0

I have problem with char type in kernel function. I want split large char type to small char type.

    __global__ void kernelExponentLoad(char* BiExponent,int lines){ 
  // BiExponent is formed from 80x100000 numbers
        const int numThreads = blockDim.x * gridDim.x;
        const int threadID = blockIdx.x * blockDim.x + threadIdx.x;
        for (int k = threadID; k < 100000; k += numThreads){
            char* cstr = new char[80];
            for(int i=0; i<80; i++){    
            cstr[i] = BiExponent[(k*80)+i];
            ...
            delete[] cstr;
            }
        }
    }

This my solution doesn't work - kernel crashes (stop work) after start. Data in "char *BiExponent" are ok (the function printf work fine).

  • 1
    You are not providing enough information on your code. You should post a fully compilable and executable code so that people willing to help you could run and check it. Prior to this, you could start testing the code by your own by adding [error checking](http://stackoverflow.com/questions/14038589/what-is-the-canonical-way-to-check-for-errors-using-the-cuda-runtime-api) and using `cuda-memcheck` to ward off out-of-bounds-like errors, as also mentioned at the [CUDA tag info page](http://stackoverflow.com/tags/cuda/info). – Vitality Nov 09 '13 at 23:04
  • As @JackOLantern mentioned, we are missing info to be able deduce the problem. I would expect, however, that it may be the line `cstr[i] = BiExponent[(k*80)+i];` which will read beyond the bounds of BiExponent unless you have launched N/80 total threads (where N is the number of elements in BiExponent). – MorbidFuzzball Nov 11 '13 at 19:17
  • @MorbidFuzzball that line will not read beyond the end of BiExponent assuming BiExponent has a size of 80x100000 as indicated in the comments. We can agree that k is constrained to be less than 100000 by the for-loop, right? Then 80*99999 + 79 is less than 80x100000. This is independent of the number of threads launched, except that the number of threads launched should be less than 100,000. – Robert Crovella Nov 11 '13 at 19:33
  • @RobertCrovella Yup, you're right. I spent some time after my initial comment looking at the logic, and came to the same conclusion. I think the answer you gave below must be the real source of the problem. – MorbidFuzzball Nov 11 '13 at 19:39

1 Answers1

2

The way your kernel is written in this question, your delete operator is not correctly positioned.

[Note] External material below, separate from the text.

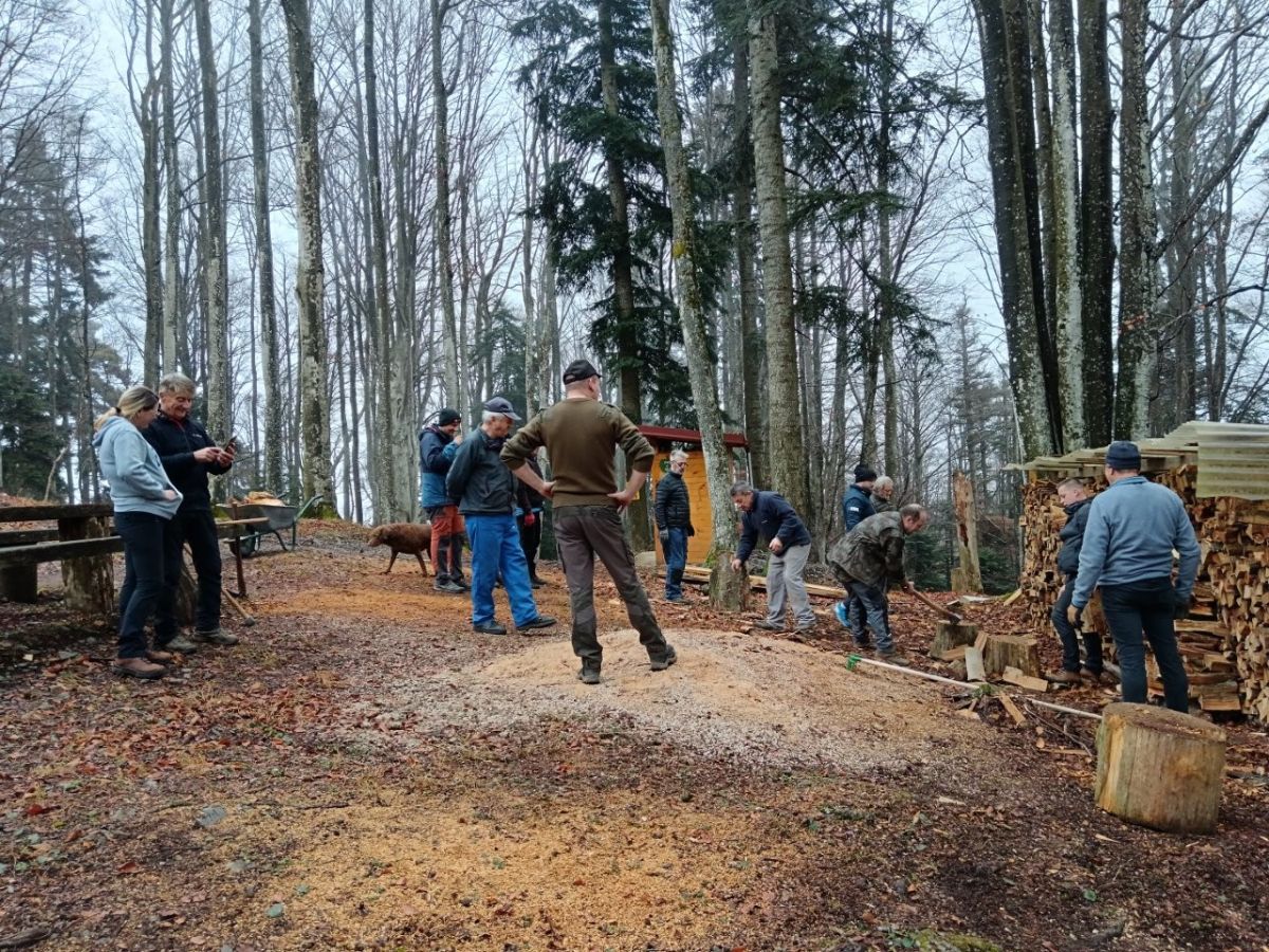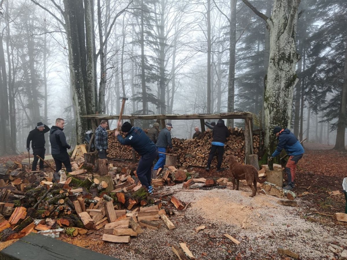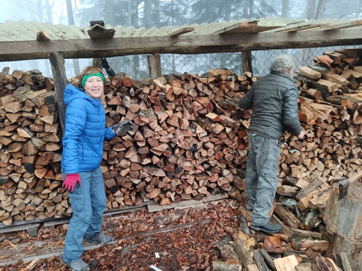 Ko smo se pogovorili o vseh zadevah okoli organizacije in upravljanja zavetišča, smo začeli z delovno akcijo. Besed je počasi zmanjkalo in bil je čas, da zapojejo sekire, da se velike klade drv oklestijo in da se napravijo drva za zimo, ki se hitro bliža. Napravili smo veliko skladovnico drv, pograbili drobir, očistili okolico in poskrbeli za malico.

You are executing the delete operator on every pass of your innermost for-loop. That is not correct. Probably you want it positioned like this:

__global__ void kernelExponentLoad(char* BiExponent,int lines){ 
// BiExponent is formed from 80x100000 numbers
    const int numThreads = blockDim.x * gridDim.x;
    const int threadID = blockIdx.x * blockDim.x + threadIdx.x;
    for (int k = threadID; k < 100000; k += numThreads){
        char* cstr = new char[80];
        for(int i=0; i<80; i++){    
            cstr[i] = BiExponent[(k*80)+i];
            }
        ...
        delete[] cstr;
    }
}

Note that there are two close braces after the delete and one before, instead of all 3 after as you have shown.

Robert Crovella
  • 143,785
  • 11
  • 213
  • 257